On paper, the proposal is Public Act 102-0017, a “vertical” and “regional” project stuffed into the state’s capital spending bill with a $25 million price tag.
In reality, the proposal is hope.
A.E.R.O. Special Education Cooperative, headquartered in a low-slung building in Burbank with smaller locations scattered throughout the southwest suburbs, is a school cooperative that works with 11 districts to provide education, therapy and care – hope – to about 700 students ages 3-22 who have fragile, complex cognitive and physical challenges.
Most of the students require constant supervision. Some have been diagnosed with autism. Some are nonverbal. Some have traumatic brain injuries. Some cannot walk or stand on their own. Their progress is marked by simple goals – pushing a button on a remote control, clapping their hands, washing a dish. They are our most vulnerable.
At A.E.R.O., they climb off buses for summer school and head to classrooms where they receive therapies for speech and movement and interact with patient, smiling teachers. But their school building isn’t designed for them. The classrooms are small and cramped. Many of the kids need to move around. To sit on a therapy ball. To pace. To deal with their anxieties.
They need a new school where they can have space for their wheelchairs, a gymnasium, a playground, a lunchroom and soft lighting. The teachers and aides who maneuver around desks and sit at makeshift cubicles need room, too.
Led by Sen. Bill Cunningham, D-Chicago, lawmakers in Springfield approved $25 million total in the last two rounds of capital spending for a new facility that would be built on the old Queen of Peace grounds, an all-girls Catholic high school that closed in 2017. Taxpayers from this middle-class community, through those 11 school districts, have committed another $25 million.
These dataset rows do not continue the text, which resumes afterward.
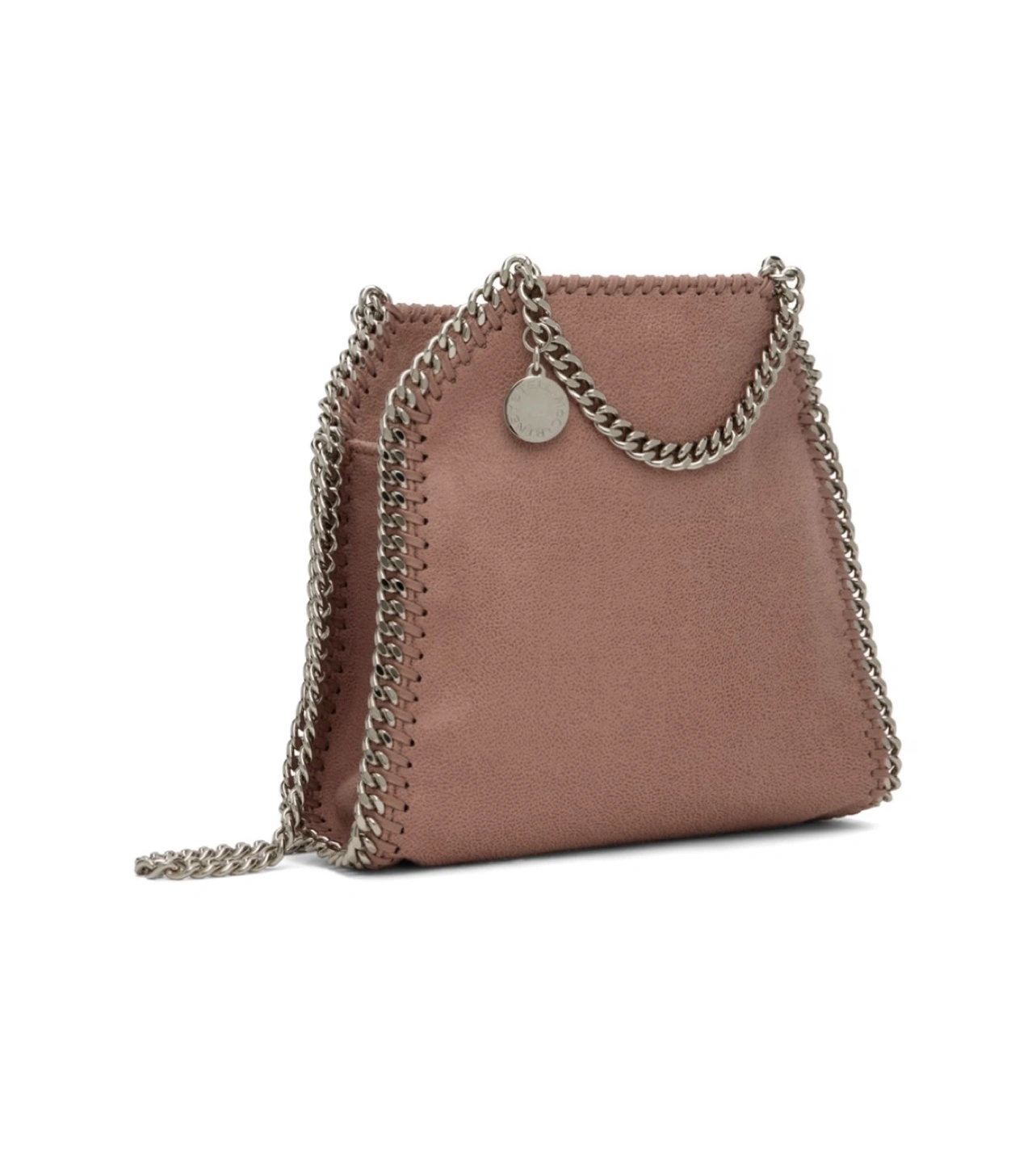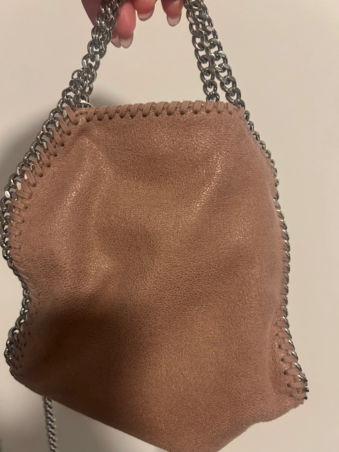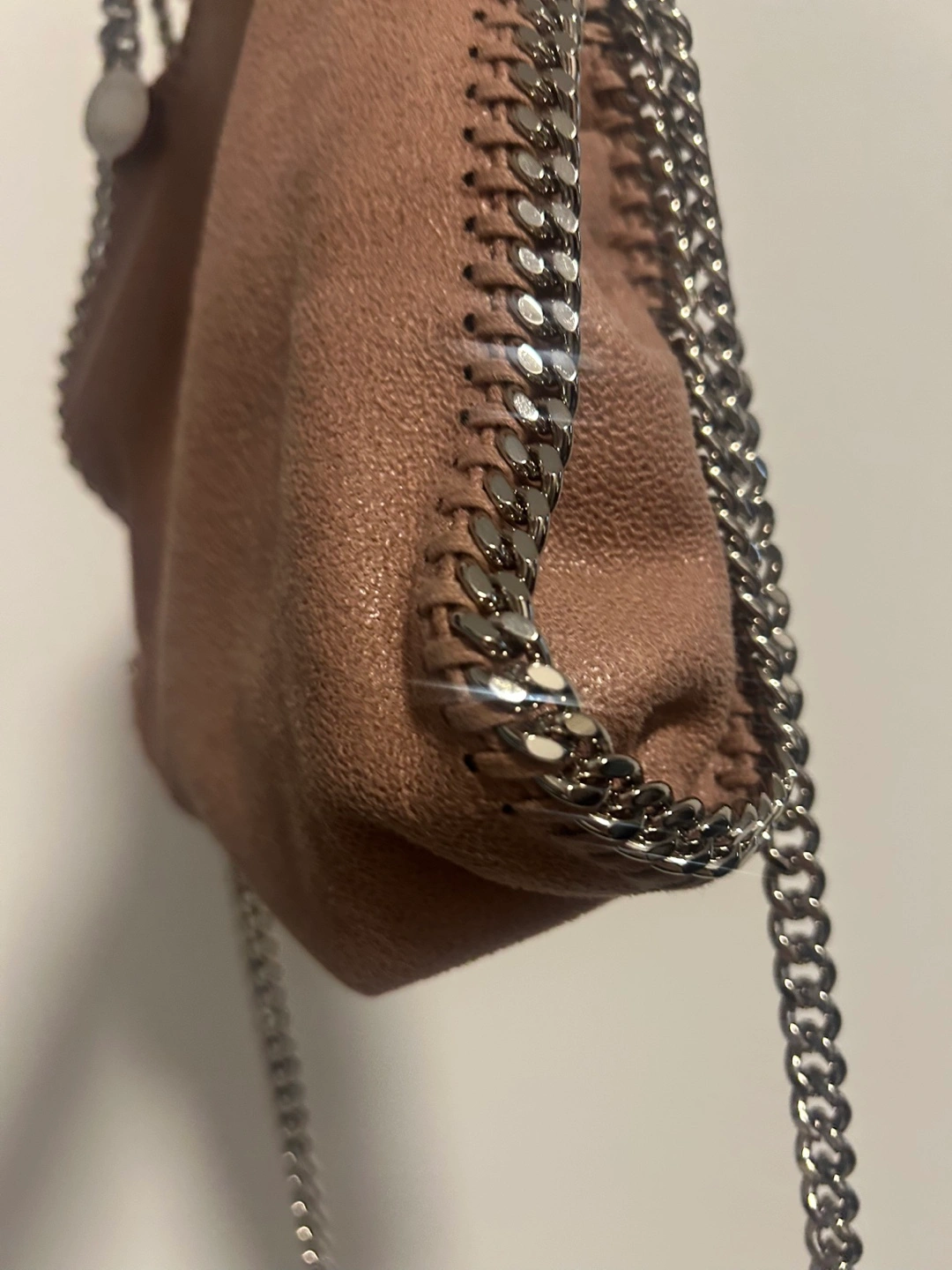 Adorable mini Falabella bag. Features iconic chain detailing. Dusty rose coloured suede. Silver-toned hardware. Small but roomy. New with dust bag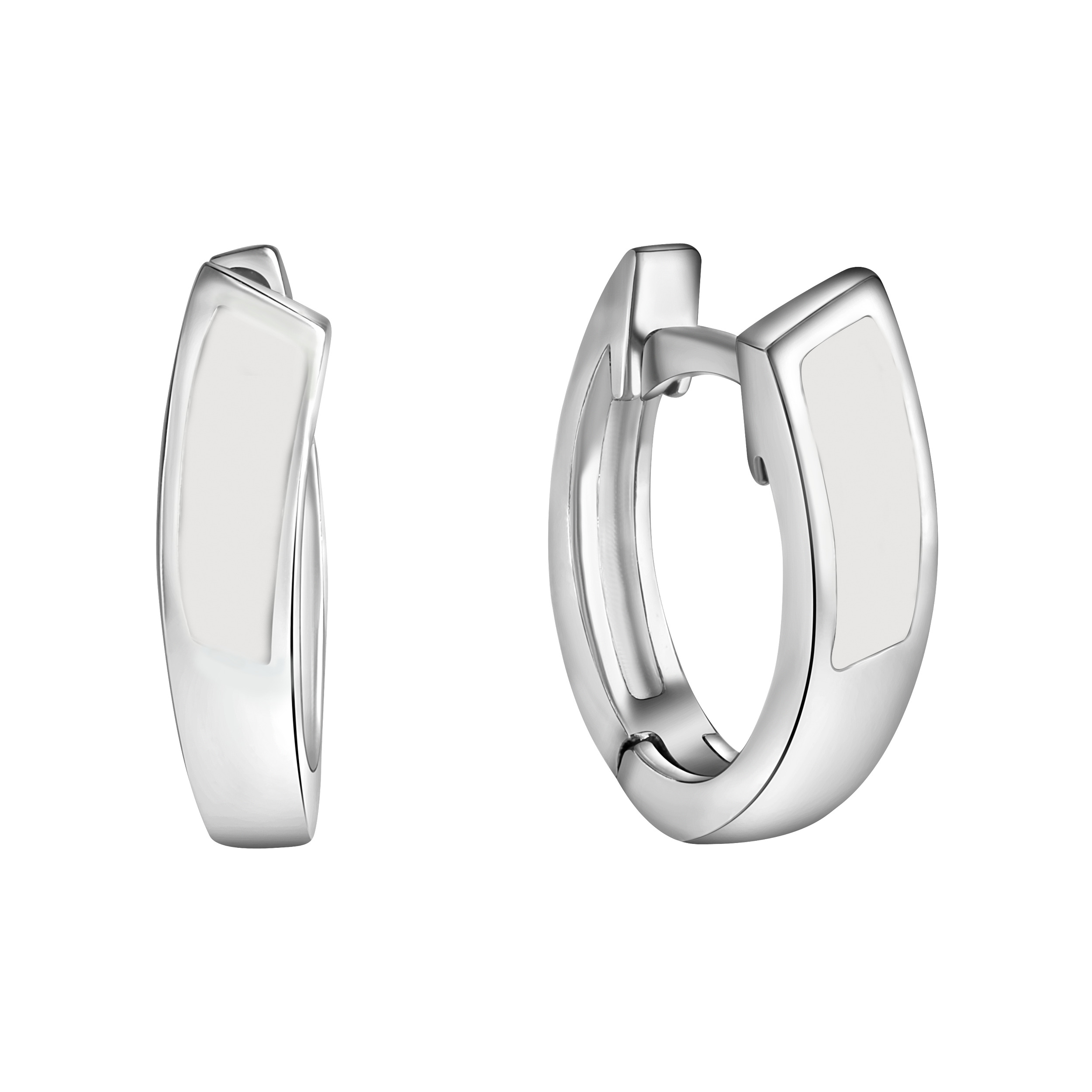 Elegante Klappcreolen aus 925-/ Sterling Silber rhodiniert. Mit weißer Lackbeschichtung. Hochwertige Verarbeitung. Faszinierendes Design für jeden Anlass. Das ideale Geschenk für besondere Anlässe. .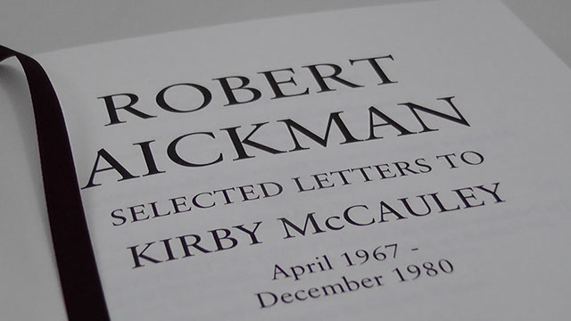 Robert Aickman: Selected letters to Kirby McCauley is a sewn hardback of 276 + vii pages, printed lithographically, head and tailbands, and d/w.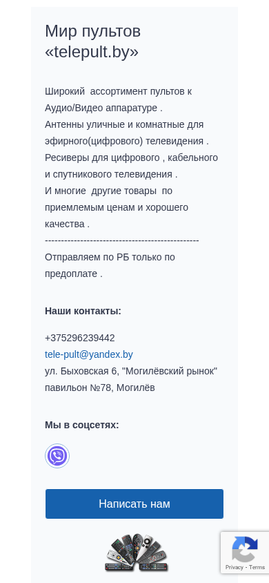 | Адрес | Отправляем по РБ только по предоплате ., Наши контакты:, +375296239442, tele-pult@yandex.by, ул. Быховская 6 |
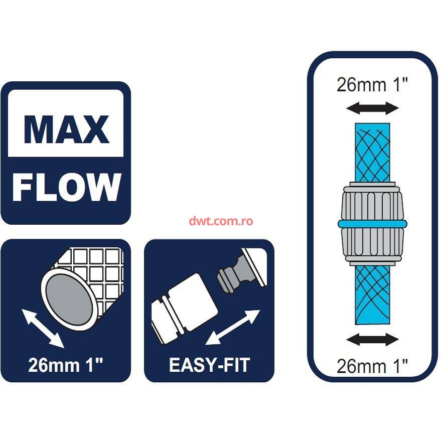 Conector furtun Aquacraft 550096, MAX-Flow, 1", ABS

All the project needs now is Gov. JB Pritzker.
James Gunnell, executive director of the cooperative, has been working on the concept of getting all the kids, including those in an emotionally and behaviorally challenged group that A.E.R.O. serves, under one roof for years. He’s worried that delays in state funding could frustrate local taxpayers and deflate enthusiasm for the project.
While the money has been appropriated on paper, twice, it’s up to Pritzker to decide which projects in the capital bill actually get the spigot turned on. This one should be at the top of the list. If the money flows, groundbreaking could begin this fall with a fall 2023 opening date.
It’s not right that the state spends capital dollars on pickleball courts and dog parks when projects like this one are waiting. Capital bills get stuffed with pork and pet projects that then compete against worthy projects like this one. There should be no competition.
Will you release the money, Governor?